Your task: Reproduce the data exactly as given, except for any images.

[Source records]
▬▬▬
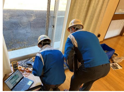
地域マイクログリッド発動試験時の様子
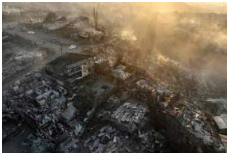
Casas destruídas por incêndio florestal em Viña del Mar, na região central do Chile
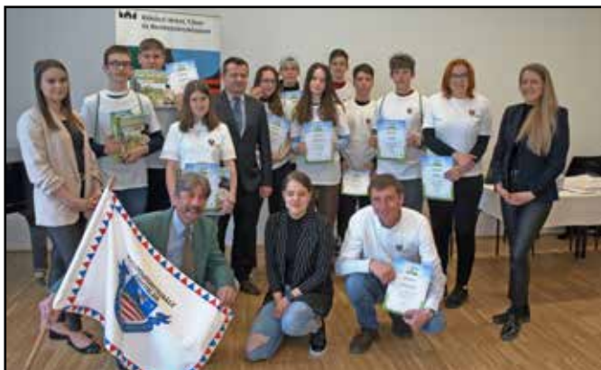
Blankók és Brokoli Trió
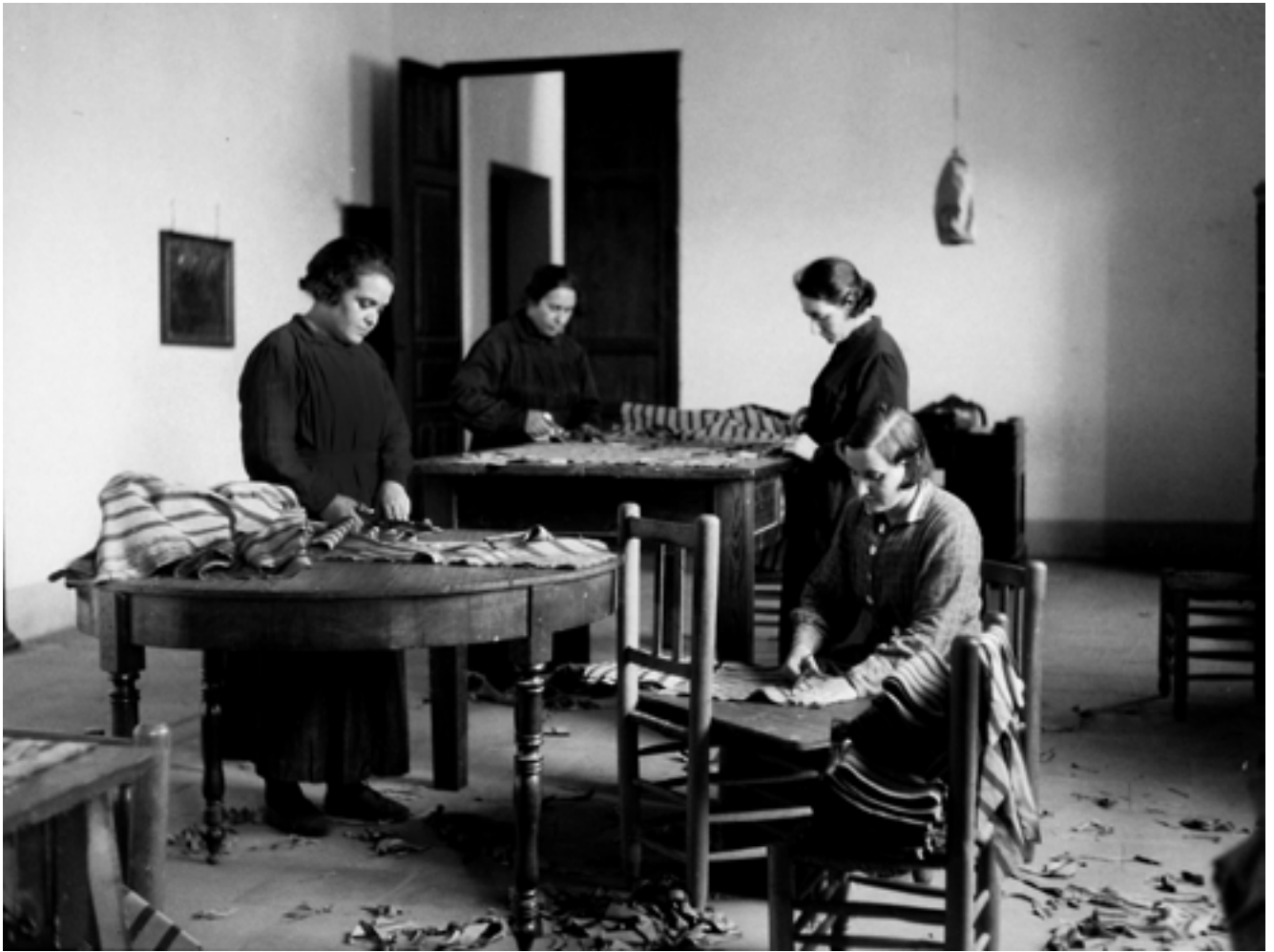
Religioses sense hàbit cosint roba per a Assistència Social. Convent de Santa Mònica a València.
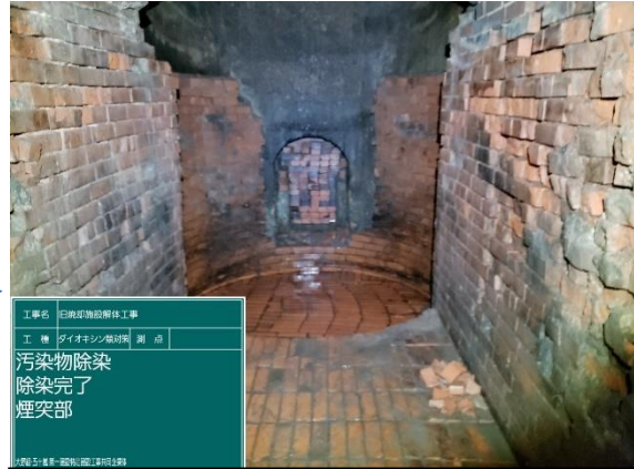
煙突内ダイオキシン類洗浄作業（洗浄後）
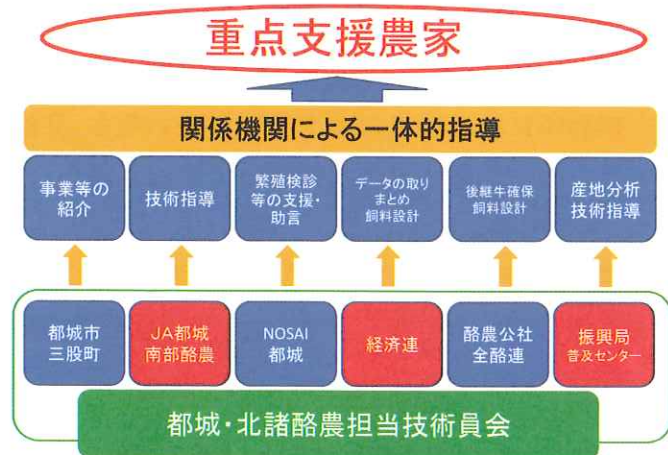
図2 地域の支援体制図
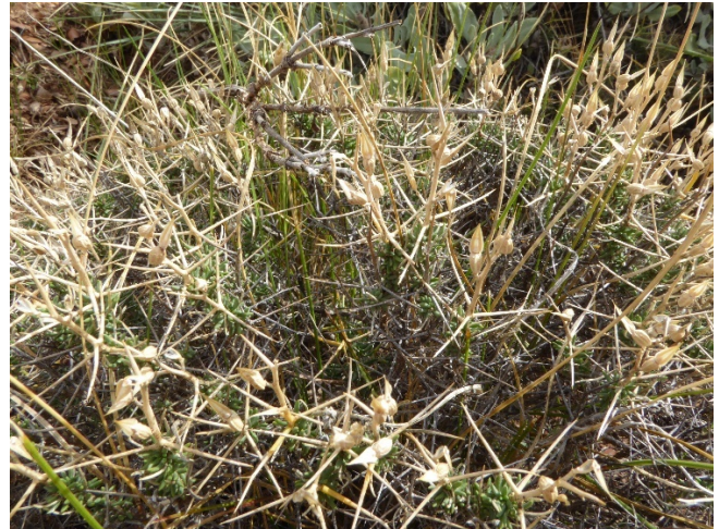
Photo 10. Vella spinosa en fruits sur la Sierra Nevada ; © B. de Foucault.

Alliance Fs. Festucion scariosae Martínez-Parras, Peinado & Alcaraz 1984 ( Lazaroa 5 : 124) ; tableau 1 : colonne Fs, tableau 17
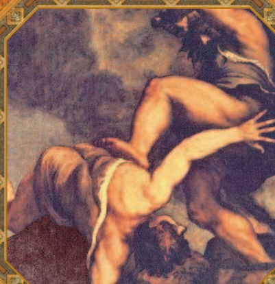
Кайн и Авель. Тициан Вечелио. XVI в.
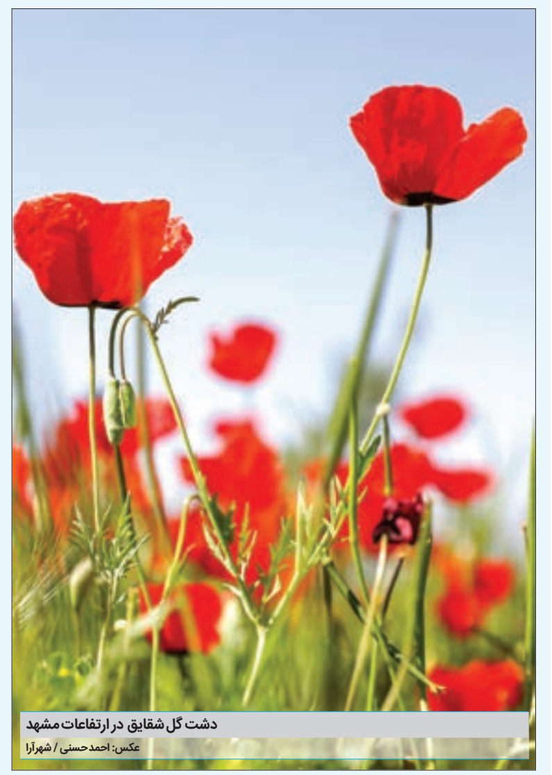
دشت گل شقایق در ارتفاعات مشهد
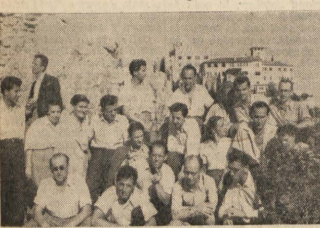
Pred nedavnim so bili tržaški demokratični novinarji na obisku pri svojih stanovskih tovariših v Sloveniji. Pri tem so povabili gostitelje, da jim vrnemo obisk v Trstu. Te dni je res prišla v Trst večja skupina slovenskih novinarjev iz Ljubljane in Maribora.
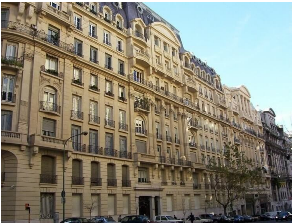
Doc 1- Un immeuble haussmannien construit au XIX e siècle à Paris.

À Paris ou Marseille, on doit ces changements au baron Haussmann , préfet de Paris.
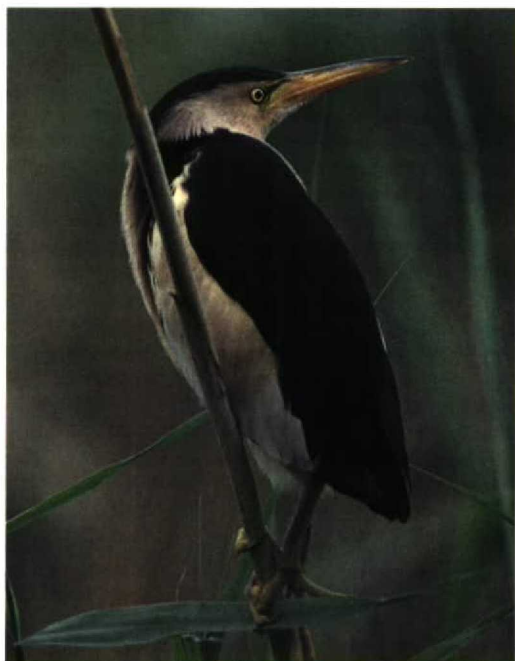
201 Little Bittern / Woudaap Ixobrychus minutus , adult, Waddinxveen, Zuid-Holland, Netherlands, July 1997 (Jan van Holten)
▬▬▬
Solution to the exercise:
地域マイクログリッド発動試験時の様子
Casas destruídas por incêndio florestal em Viña del Mar, na região central do Chile
Blankók és Brokoli Trió
Religioses sense hàbit cosint roba per a Assistència Social. Convent de Santa Mònica a València.
煙突内ダイオキシン類洗浄作業（洗浄後）
図2 地域の支援体制図
Photo 10. Vella spinosa en fruits sur la Sierra Nevada ; © B. de Foucault.

Alliance Fs. Festucion scariosae Martínez-Parras, Peinado & Alcaraz 1984 ( Lazaroa 5 : 124) ; tableau 1 : colonne Fs, tableau 17
Кайн и Авель. Тициан Вечелио. XVI в.
دشت گل شقایق در ارتفاعات مشهد
Pred nedavnim so bili tržaški demokratični novinarji na obisku pri svojih stanovskih tovariših v Sloveniji. Pri tem so povabili gostitelje, da jim vrnemo obisk v Trstu. Te dni je res prišla v Trst večja skupina slovenskih novinarjev iz Ljubljane in Maribora.
Doc 1- Un immeuble haussmannien construit au XIX e siècle à Paris.

À Paris ou Marseille, on doit ces changements au baron Haussmann , préfet de Paris.
201 Little Bittern / Woudaap Ixobrychus minutus , adult, Waddinxveen, Zuid-Holland, Netherlands, July 1997 (Jan van Holten)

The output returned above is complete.